Sequence of sequential features in a schema.

subset(features_to_keep)

Creates a subset of given features.

Parameters

features_to_keep (Iterable[str]) – A sequence of feature names in original schema to keep in subset.

Return type

TensorSchema

Returns

New tensor schema of given features.

property timestamp_feature_name: Optional[str]
Returns

Timestamp feature name.

property timestamp_features: TensorSchema
Returns

Sequence of timestamp features in a schema.

values()
Return type

ValuesView[TensorFeatureInfo]

SequenceTokenizer

class replay.data.nn.SequenceTokenizer(tensor_schema, handle_unknown_rule='error', default_value_rule=None, allow_collect_to_master=False)

Data tokenizer for transformers; Encodes all categorical features (the ones marked as FeatureType.CATEGORICAL in the FeatureSchema) and stores all data as items sequences (sorted by time if a feature of type FeatureHint.TIMESTAMP is provided, unsorted otherwise).

fit(dataset)
Parameters

dataset (Dataset) – input dataset to fit

Return type

SequenceTokenizer

Returns

fitted SequenceTokenizer

fit_transform(dataset)
Parameters

dataset (Dataset) – input dataset to transform

Return type

SequentialDataset

Returns

SequentialDataset

property interactions_encoder: Optional[LabelEncoder]
Returns

encoder for interactions

property item_features_encoder: Optional[LabelEncoder]
Returns

encoder for item features

property item_id_encoder: LabelEncoder
Returns

encoder for item id

classmethod load(cls, path, use_pickle=False, **kwargs)

Load tokenizer object from the given path.

Parameters
  • path (str) – Path to load the tokenizer.

  • use_pickle (bool) – If False - tokenizer will be loaded from .replay directory. If True - tokenizer will be loaded with pickle. Default: False.

Return type

SequenceTokenizer

Returns

Loaded tokenizer object.

property query_and_item_id_encoder: LabelEncoder
Returns

encoder for query and item id

property query_features_encoder: Optional[LabelEncoder]
Returns

encoder for query features

property query_id_encoder: LabelEncoder
Returns

encoder for query id

save(path, use_pickle=False)

Save the tokenizer to the given path.

Parameters
  • path (str) – Path to save the tokenizer.

  • use_pickle (bool) – If False - tokenizer will be saved in .replay directory. If True - tokenizer will be saved with pickle. Default: False.

Return type

None

property tensor_schema: TensorSchema
Returns

tensor schema

transform(dataset, tensor_features_to_keep=None)
Parameters
  • dataset (Dataset) – input dataset to transform

  • tensor_features_to_keep (Optional[Sequence[str]]) – specified feature names to transform

Return type

SequentialDataset

Returns

SequentialDataset

PandasSequentialDataset

class replay.data.nn.PandasSequentialDataset(tensor_schema, query_id_column, item_id_column, sequences)

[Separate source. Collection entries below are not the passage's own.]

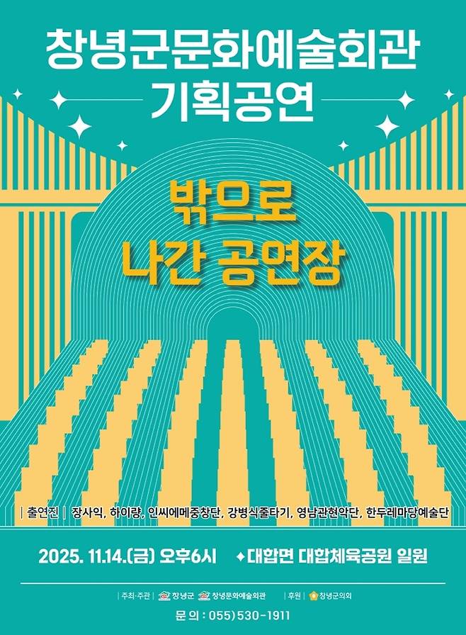 창녕군 대합면 체육공원 일원에서 오는 14일 오후 6시부터 7시 30분까지 특별 기획 공연 ‘밖으로 나간 공연장’ 을 개최한다.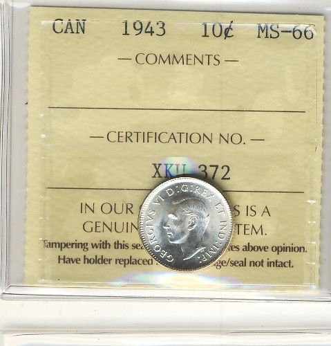 1943 10¢ ICCS MS66. Sparkling full white coin.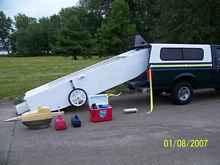 This is what it looks like loading the boat into my pickup truck after an outing. |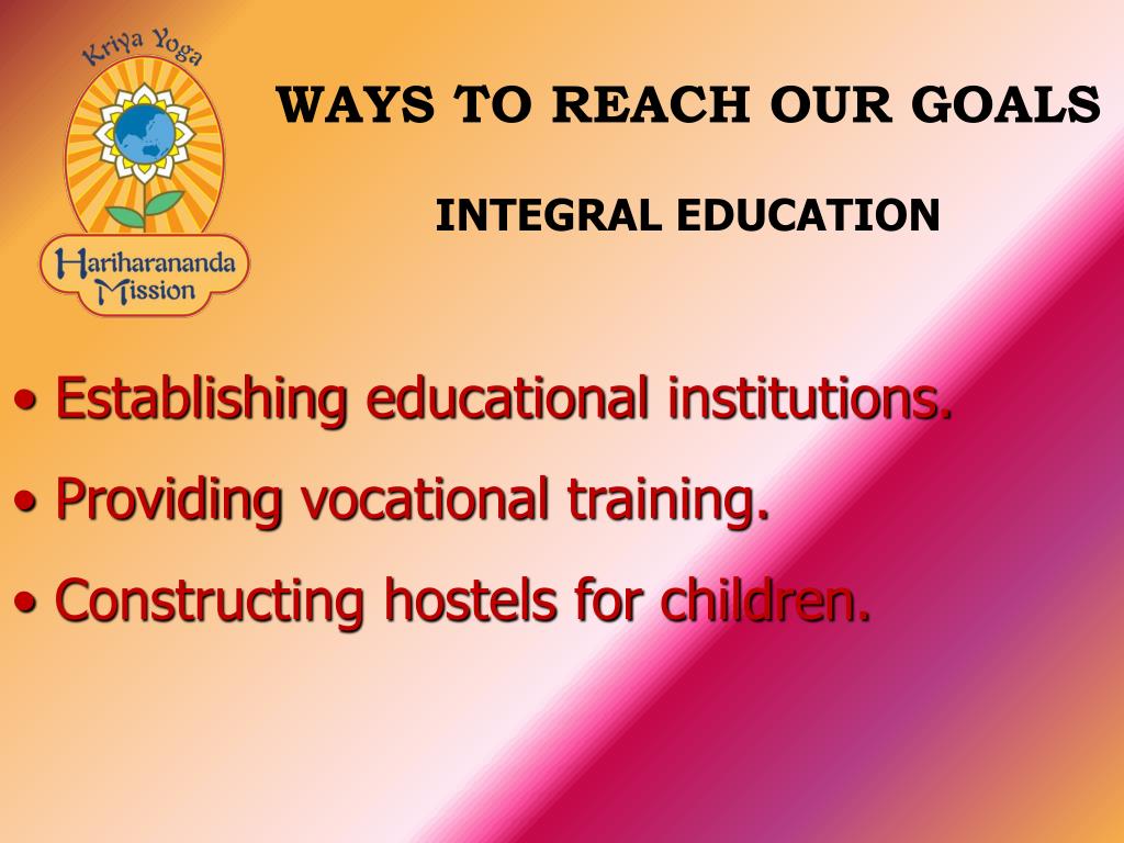 WAYS TO REACH OUR GOALS INTEGRAL EDUCATION • Establishingeducationalinstitutions. • Providingvocational training. • Constructing hostels for children.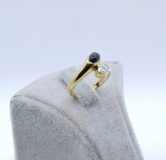 Ring Gold 333er mit Saphir Cabochon und Diamantsplitter Gr. 53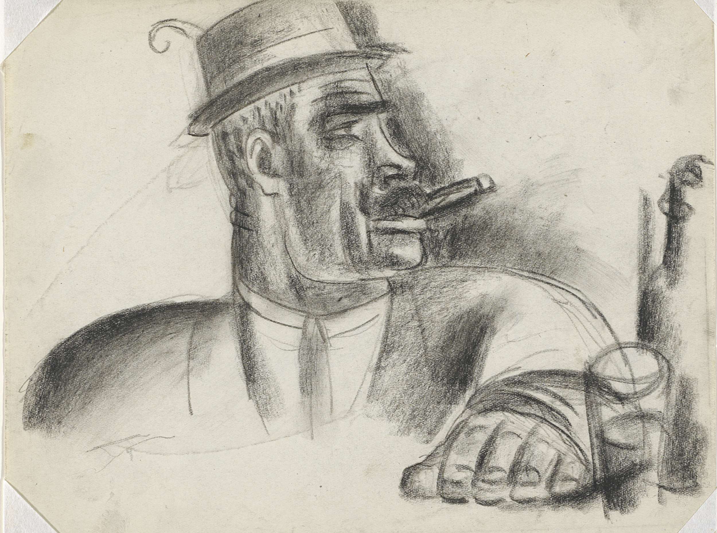 Portret van jager, en profil, met hoed op en sigaar ...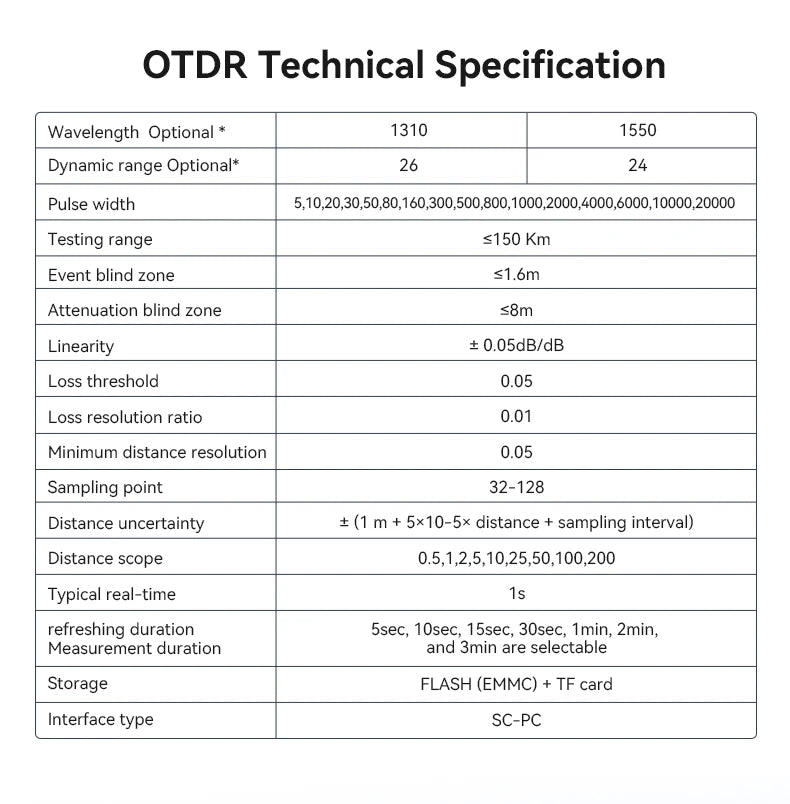 3. Measuring conditions of blind zone: reflection event is within 5KM, reflection strength is 45dB. Measured by the minimum pulse width.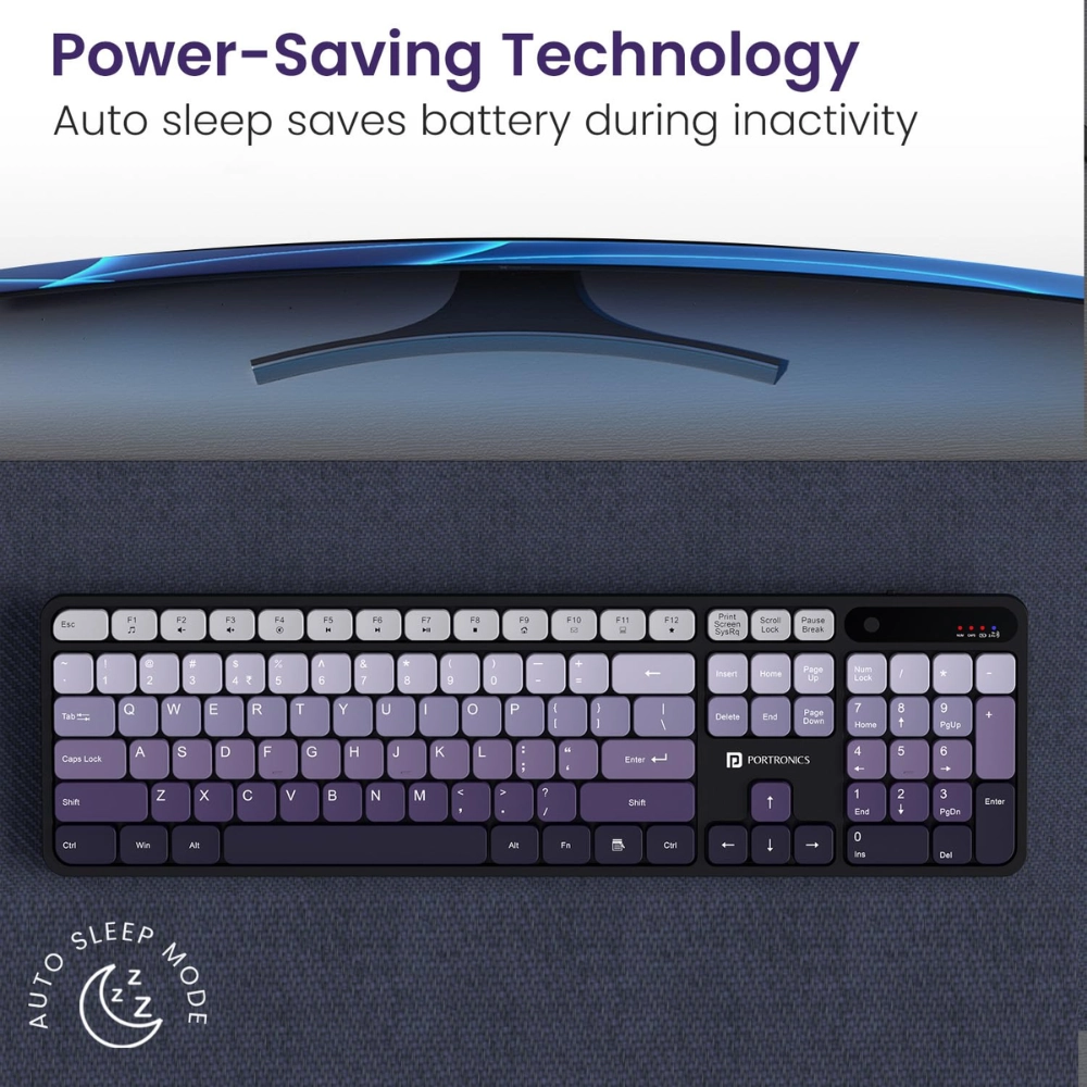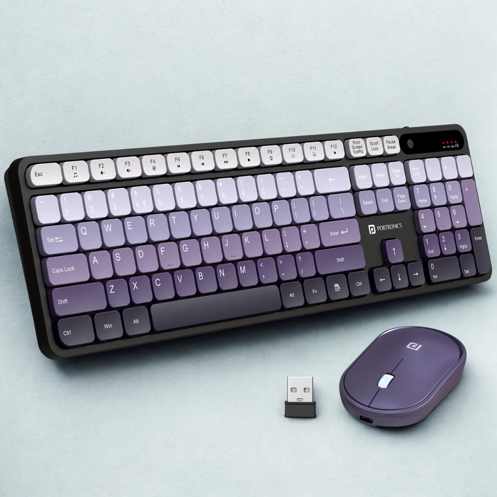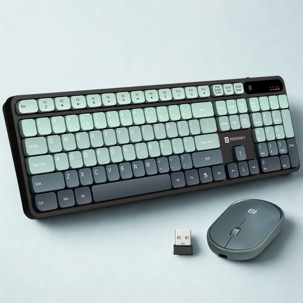 Portronics Key11 Combo – Rechargeable Wireless Keyboard & Mouse Set with Bluetooth 5.3, Type-C Fast Charging, Gradient Keys & Noiseless Typing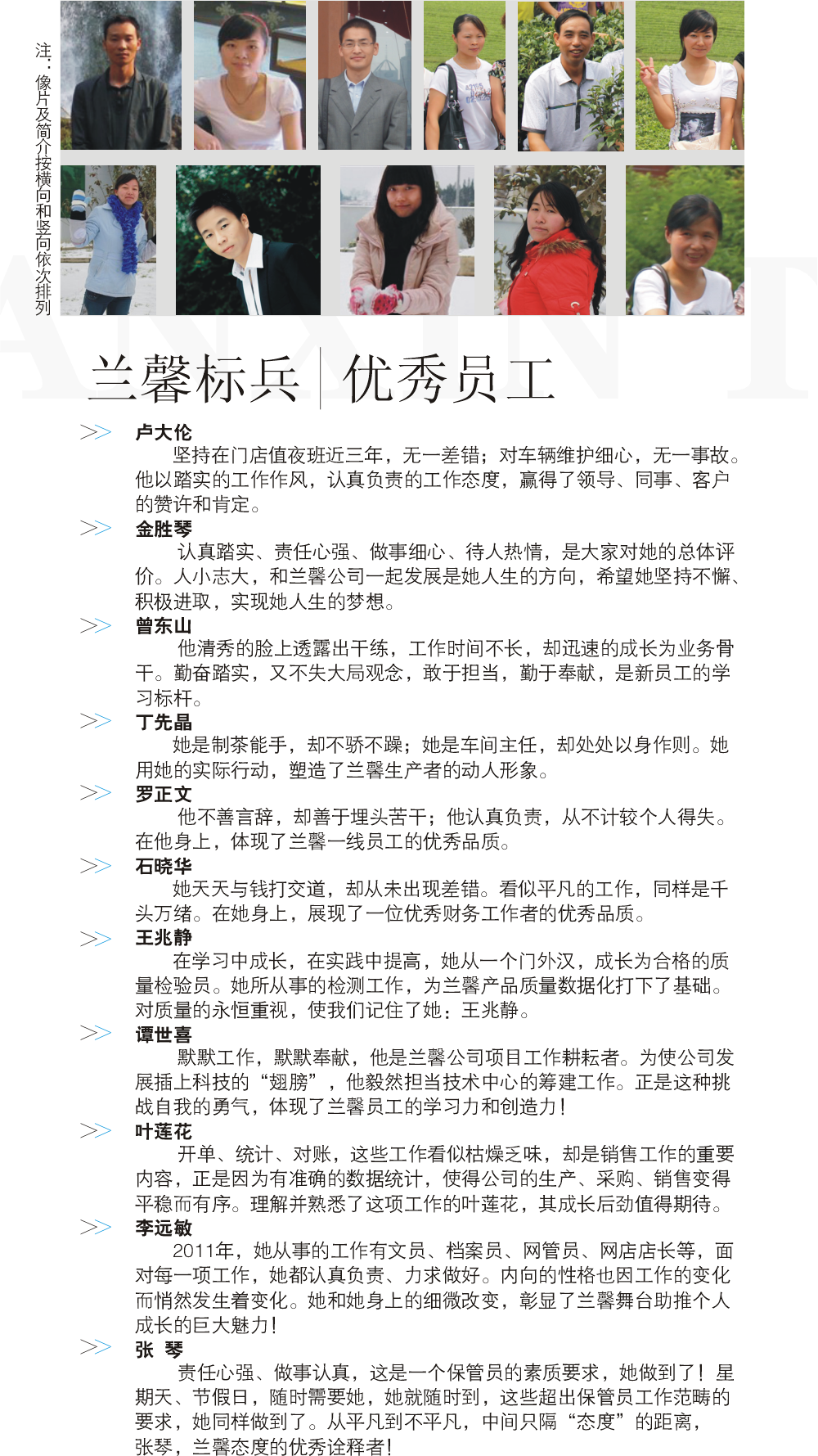 蘭馨茶業(yè)2011年度優(yōu)秀臉譜

Sequential dataset that stores sequences in PandasDataFrame format.

filter_by_query_id(query_ids_to_keep)

Returns a SequentialDataset that contains only query ids from the specified list.

Parameters

query_ids_to_keep (ndarray) – list of query ids.

Return type

PandasSequentialDataset

get_all_query_ids()

Getting a list of all query ids.

Return type

ndarray

get_max_sequence_length()

Returns the maximum length among all sequences from the SequentialDataset.

Return type

int

get_query_id(index)

Getting a query id for a given index.

Parameters

index (int) – the row number in the dataset.

Return type

int

get_sequence(index, feature_name)

Getting a sequence based on a given index and feature name.

Parameters
  • index (Union[int, ndarray]) – single index or list of indices.

  • feature_name (str) – the name of the feature.

Return type

ndarray

get_sequence_by_query_id(query_id, feature_name)

Getting a sequence based on a given query id and feature name.

Parameters
  • query_id (Union[int, ndarray]) – single query id or list of query ids.

  • feature_name (str) – the name of the feature.

Return type

ndarray

get_sequence_length(index)

Returns the length of the sequence at the specified index.

Parameters

index (int) – the row number in the dataset.

Return type

int

static keep_common_query_ids(lhs, rhs)

Returns SequentialDatasets that contain query ids from both datasets.

Parameters
  • lhs (SequentialDataset) – SequentialDataset.

  • rhs (SequentialDataset) – SequentialDataset.

Return type

Tuple[SequentialDataset, SequentialDataset]

classmethod load(path, **kwargs)

Method for loading PandasSequentialDataset object from .replay directory.

Return type

PandasSequentialDataset

property schema: TensorSchema
Returns

List of tensor features.

TorchSequentialBatch

class replay.data.nn.TorchSequentialBatch(query_id: LongTensor, padding_mask: BoolTensor, features: Mapping[str, Tensor])

Batch of TorchSequentialDataset

features: Mapping[str, Tensor]

Alias for field number 2

padding_mask: BoolTensor

Alias for field number 1

query_id: LongTensor

Alias for field number 0

TorchSequentialDataset

class replay.data.nn.TorchSequentialDataset(sequential, max_sequence_length, sliding_window_step=None, padding_value=0)

Torch dataset for sequential recommender models

__init__(sequential, max_sequence_length, sliding_window_step=None, padding_value=0)
Parameters
  • sequential (SequentialDataset) – sequential dataset

  • max_sequence_length (int) – the maximum length of sequence

  • sliding_window_step (Optional[int]) – value of offset from each sequence start during iteration, None means the offset will be equals to difference between actual sequence length and max_sequence_length. Default: None

  • padding_value (int) – value to pad sequences to desired length

TorchSequentialValidationBatch

class replay.data.nn.TorchSequentialValidationBatch(query_id: LongTensor, padding_mask: BoolTensor, features: Mapping[str, Tensor], ground_truth: LongTensor, train: LongTensor)

Batch of TorchSequentialValidationDataset

features: Mapping[str, Tensor]

Alias for field number 2

ground_truth: LongTensor

Alias for field number 3

padding_mask: BoolTensor

Alias for field number 1

query_id: LongTensor

Alias for field number 0

train: LongTensor

Alias for field number 4

TorchSequentialValidationDataset

class replay.data.nn.TorchSequentialValidationDataset(sequential, ground_truth, train, max_sequence_length, padding_value=0, sliding_window_step=None, label_feature_name=None)

Torch dataset for sequential recommender models that additionally stores ground truth

__init__(sequential, ground_truth, train, max_sequence_length, padding_value=0, sliding_window_step=None, label_feature_name=None)
Parameters
  • sequential (SequentialDataset) – validation sequential dataset

  • ground_truth (SequentialDataset) – validation ground_truth sequential dataset

  • train (SequentialDataset) – train sequential dataset

  • max_sequence_length (int) – the maximum length of sequence

  • padding_value (int) – value to pad sequences to desired length

  • sliding_window_step (Optional[int]) – value of offset from each sequence start during iteration, None means the offset will be equals to difference between actual sequence length and max_sequence_length. Default: None

  • label_feature_name (Optional[str]) – the name of the column containing the sequence of items.